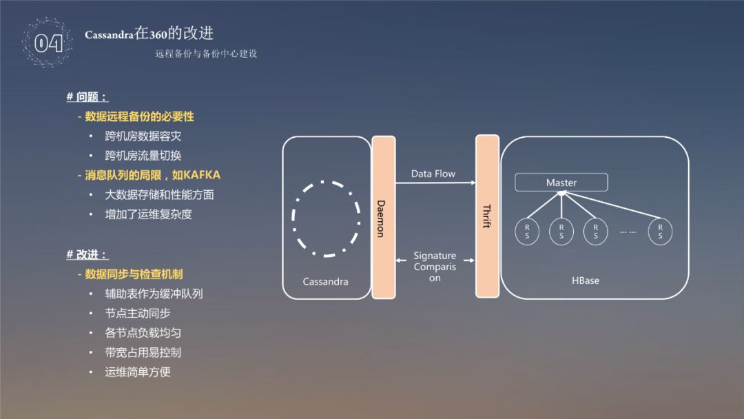 数据的恢复,涉及到存储,同时,还需要用到数据的备份。当时没有所谓的多 DC 方式,都是自研的备份系统,当时 Cassandra 的集群数量有88个,如果采用 Cassandra+Cassandra 的主备模式,那将又是88个集群,这是对运维和成本的巨大挑战;因此我们选择了在极大规模场景下扩展更好的 HBase 作为备份存储,使用 Cassandra ( 主 ) +HBase ( 备 ) 方案,这样全球88个集群数据备份集中至四大备份中心。大量的数据备份,经常使用的方式就是消息队列,数据的汇聚会增加运维的成本以及数据的落地然后再去做,这样操作的话,延时会比较高。所以在 Cassandra 中做了一个机制,每个节点负责自己的 range 管理,可以记录到自己的缓存表中,从缓冲表取出来备份到数据中心,使用 Thirft 接口,HBase 跟 Cassandra 的接口完全是兼容的,这样设计 HBase 备份中心就相当于一个 Cassandra 的数据中心了,如果数据大量丢失,或者数据出现大量的错误问题,可以直接无缝切换到 HBase 上提供服务,然后再使用 HBase 备份的数据慢慢恢复丢失的数据,用户完全不会感觉到服务异常,提高了用户的体验。
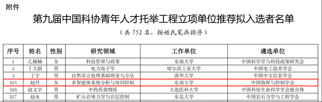 近日,中国科协公布了第九届“中国科协青年人才托举工程”入选名单,2025年六合彩跑狗图 至善博士后赵丹(合作导师:温广辉教授)成功入选。
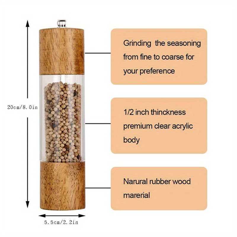 Moulin à poivre, moulin à sel de mer ménager, moulin à épices créatif, moulin à sel de mer manuel, broyeur à épices, shakers en bois avec noyau en céramique réglable, bouteille d'assaisonnement réutilisable, gadgets de cuisine, outils de cuisine
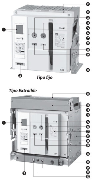 1. Relé de disparo; 2. Contador; 3. Bontón de encendido; 4. Botón de apagado; 5. Nombre serie; 6. Palanca de carga; 7. Placa identificatoria; 8. Indicador de carga/descarga; 9. Indicador de encendido/apagado; 10. Marca; 11. Cubierta arco; 12. Cubrecontactos; 13. Bandeja; 14. Manija de extracción; 15. Indicador de posición; 16. Manija para inserción; 17. Botón de bloqueo; 18. Cámara de extinción; 19. Cubierta de control; 20. Enganche tipo fijo Los ACB de LS Industrial Systems LBA son una solución para la conexión y protección de ramales en donde se necesita alta capacidad de corriente (desde 630 hasta 5.000 A), y una alta capacidad interruptiva (hasta 100 kA).

-----

**Your instructions**
In the printed copy, the material above must appear unchanged and without its pictures.

**Exercise result**
 数据的恢复,涉及到存储,同时,还需要用到数据的备份。当时没有所谓的多 DC 方式,都是自研的备份系统,当时 Cassandra 的集群数量有88个,如果采用 Cassandra+Cassandra 的主备模式,那将又是88个集群,这是对运维和成本的巨大挑战;因此我们选择了在极大规模场景下扩展更好的 HBase 作为备份存储,使用 Cassandra ( 主 ) +HBase ( 备 ) 方案,这样全球88个集群数据备份集中至四大备份中心。大量的数据备份,经常使用的方式就是消息队列,数据的汇聚会增加运维的成本以及数据的落地然后再去做,这样操作的话,延时会比较高。所以在 Cassandra 中做了一个机制,每个节点负责自己的 range 管理,可以记录到自己的缓存表中,从缓冲表取出来备份到数据中心,使用 Thirft 接口,HBase 跟 Cassandra 的接口完全是兼容的,这样设计 HBase 备份中心就相当于一个 Cassandra 的数据中心了,如果数据大量丢失,或者数据出现大量的错误问题,可以直接无缝切换到 HBase 上提供服务,然后再使用 HBase 备份的数据慢慢恢复丢失的数据,用户完全不会感觉到服务异常,提高了用户的体验。
 近日,中国科协公布了第九届“中国科协青年人才托举工程”入选名单,2025年六合彩跑狗图 至善博士后赵丹(合作导师:温广辉教授)成功入选。
 Moulin à poivre, moulin à sel de mer ménager, moulin à épices créatif, moulin à sel de mer manuel, broyeur à épices, shakers en bois avec noyau en céramique réglable, bouteille d'assaisonnement réutilisable, gadgets de cuisine, outils de cuisine
 1. Relé de disparo; 2. Contador; 3. Bontón de encendido; 4. Botón de apagado; 5. Nombre serie; 6. Palanca de carga; 7. Placa identificatoria; 8. Indicador de carga/descarga; 9. Indicador de encendido/apagado; 10. Marca; 11. Cubierta arco; 12. Cubrecontactos; 13. Bandeja; 14. Manija de extracción; 15. Indicador de posición; 16. Manija para inserción; 17. Botón de bloqueo; 18. Cámara de extinción; 19. Cubierta de control; 20. Enganche tipo fijo Los ACB de LS Industrial Systems LBA son una solución para la conexión y protección de ramales en donde se necesita alta capacidad de corriente (desde 630 hasta 5.000 A), y una alta capacidad interruptiva (hasta 100 kA).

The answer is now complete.